■ Task objective:
Only the text belongs in the copy: retype each record exactly as it appears.

#### Records to use

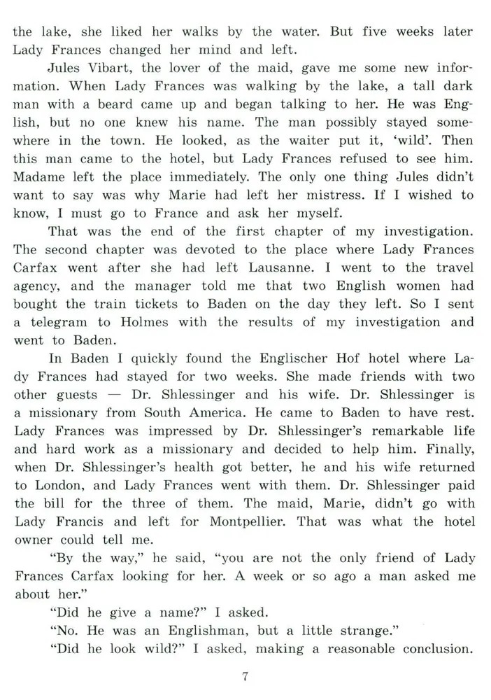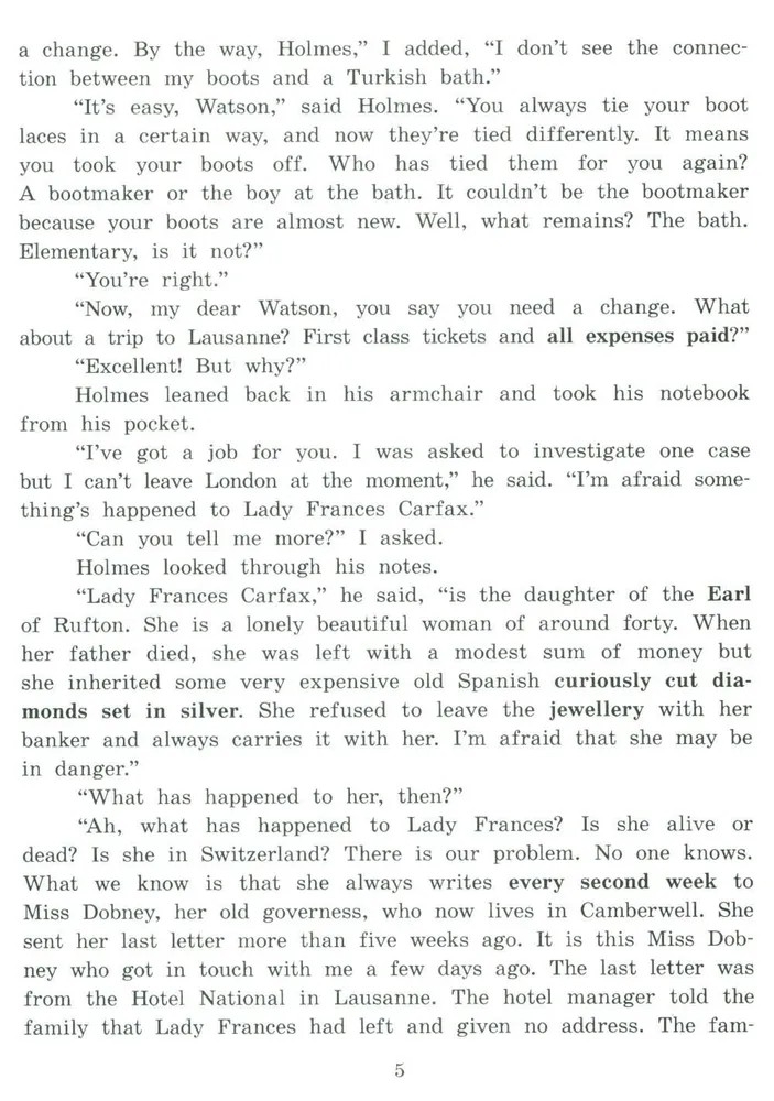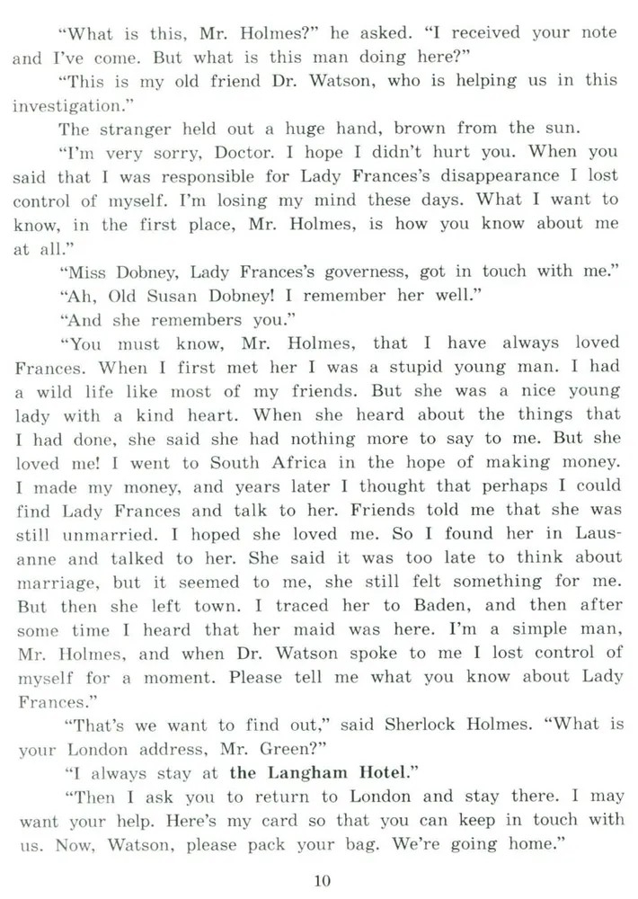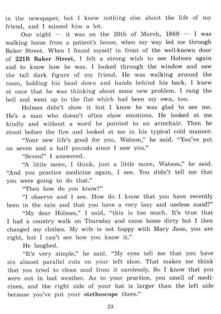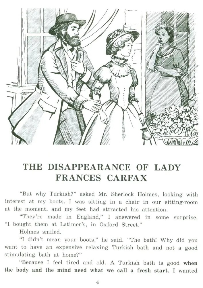 В сборнике представлены восемь адаптированных рассказов Артура Конан Дойла о расследованиях запутанных преступлений, которые ведут знаменитый сыщик Шерлок Холмс и его друг и соратник доктор Ватсон.
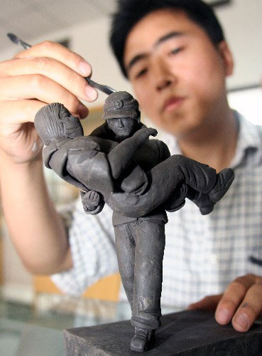 A craftsman polishes clay figures at the Huishan Clay Figure Factory in Wuxi, east China's Jiangsu Provinc, on June 12. The clay figures depict the rescue and relief efforts after the May 12 earthquake. Huishan clay figures are a time-honored Chinese folk art admired for their succinct designs, bright colors and vivid images. [Photo: Xinhua]
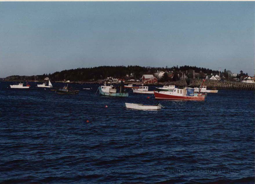 A color photographic view of Bailey's Island taken from near Cook's Lobster restaurant. The cribstone bridge can be seen in the photo..
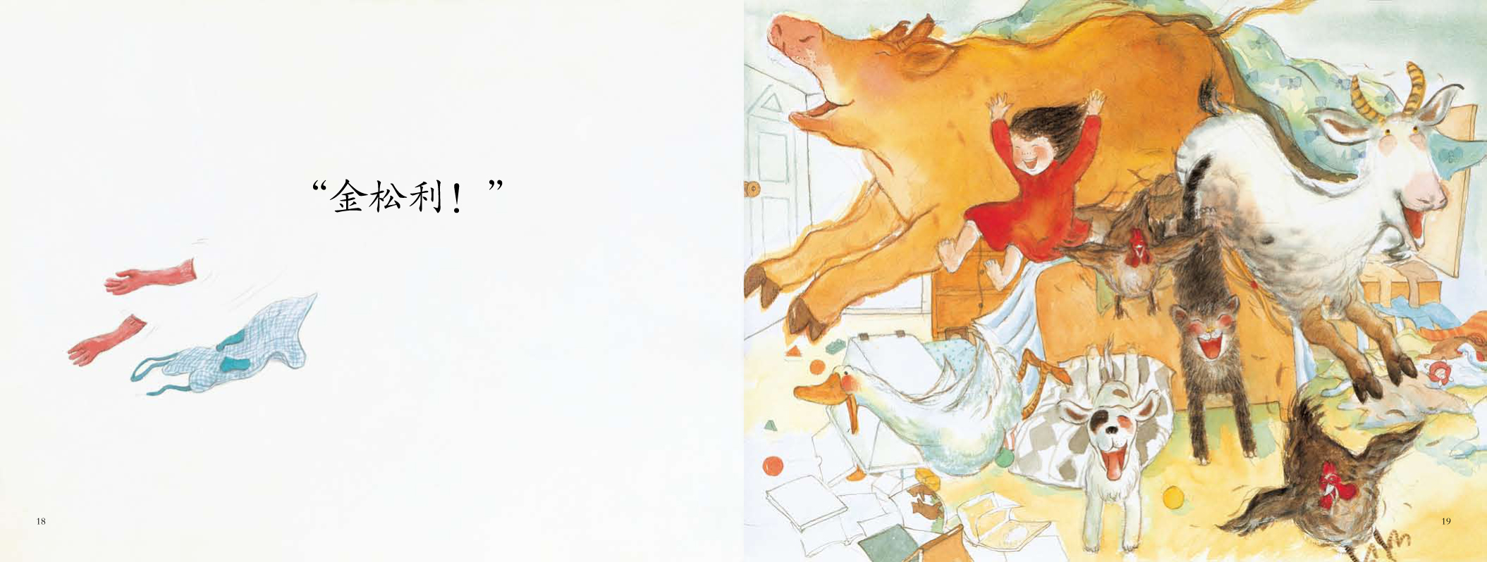 动物们都是从哪儿跑来的呢?如果细心一点的话,便不难发现:它们有的是玩具,有的则是图画书中的角色,是松利不甘寂寞的想像力把它们变活了,变成了自己快乐的玩伴。
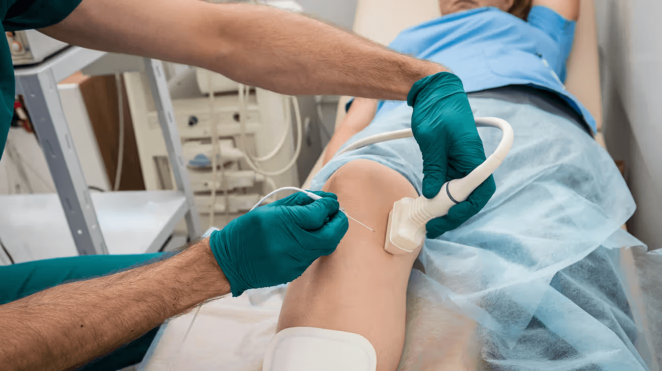 Die Behandlung dauert etwa 30–45 Minuten. Nach lokaler Betäubung wird unter Röntgenkontrolle eine spezielle Nadel an den Zielnerv geführt. Durch einen kurzen Stromimpuls wird zunächst getestet, ob die richtige Stelle erreicht ist. Anschließend wird der Nerv durch kontrollierte Wärme (ca. 80°C) verödet. Sie können die Praxis nach kurzer Erholungszeit selbstständig verlassen.
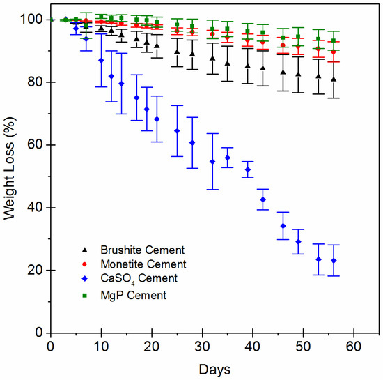 Results of weight loss of the four experimental materials used as scaffold in the present study: MgP, CaSO4, monetite, and brushite. The bars represent the standard deviation values for each measure (n = 5).
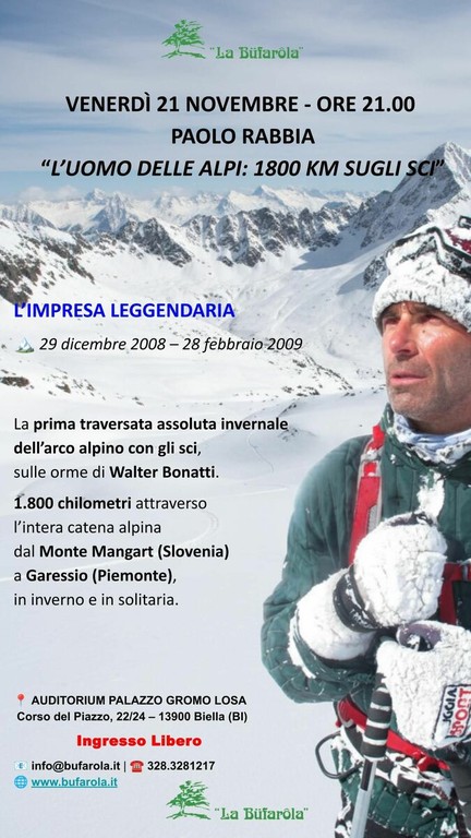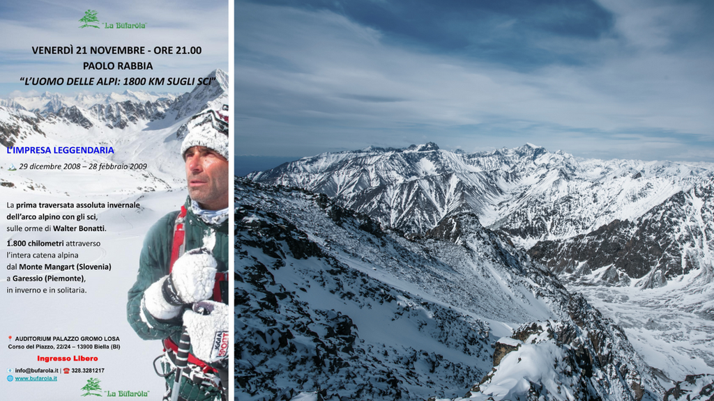 Venerdì 21 novembre alle ore 21.00, presso l’Auditorium Palazzo Gromo Losa di Biella, l’associazione “La Bufarola” presenta l’incontro con Paolo Rabbia, protagonista di un’avventura straordinaria: “L’uomo delle Alpi: 1800 km sugli sci”.
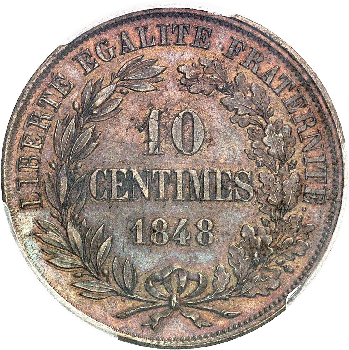 Rv. LIBERTÉ ÉGALITÉ FRATERNITÉ. Dans une couronne formée d’une branche de laurier et d’une branche de chêne : 10 CENTIMES (date).

########

■ Answer to this task:
 В сборнике представлены восемь адаптированных рассказов Артура Конан Дойла о расследованиях запутанных преступлений, которые ведут знаменитый сыщик Шерлок Холмс и его друг и соратник доктор Ватсон.
 A craftsman polishes clay figures at the Huishan Clay Figure Factory in Wuxi, east China's Jiangsu Provinc, on June 12. The clay figures depict the rescue and relief efforts after the May 12 earthquake. Huishan clay figures are a time-honored Chinese folk art admired for their succinct designs, bright colors and vivid images. [Photo: Xinhua]
 A color photographic view of Bailey's Island taken from near Cook's Lobster restaurant. The cribstone bridge can be seen in the photo..
 动物们都是从哪儿跑来的呢?如果细心一点的话,便不难发现:它们有的是玩具,有的则是图画书中的角色,是松利不甘寂寞的想像力把它们变活了,变成了自己快乐的玩伴。
 Die Behandlung dauert etwa 30–45 Minuten. Nach lokaler Betäubung wird unter Röntgenkontrolle eine spezielle Nadel an den Zielnerv geführt. Durch einen kurzen Stromimpuls wird zunächst getestet, ob die richtige Stelle erreicht ist. Anschließend wird der Nerv durch kontrollierte Wärme (ca. 80°C) verödet. Sie können die Praxis nach kurzer Erholungszeit selbstständig verlassen.
 Results of weight loss of the four experimental materials used as scaffold in the present study: MgP, CaSO4, monetite, and brushite. The bars represent the standard deviation values for each measure (n = 5).
 Venerdì 21 novembre alle ore 21.00, presso l’Auditorium Palazzo Gromo Losa di Biella, l’associazione “La Bufarola” presenta l’incontro con Paolo Rabbia, protagonista di un’avventura straordinaria: “L’uomo delle Alpi: 1800 km sugli sci”.
 Rv. LIBERTÉ ÉGALITÉ FRATERNITÉ. Dans une couronne formée d’une branche de laurier et d’une branche de chêne : 10 CENTIMES (date).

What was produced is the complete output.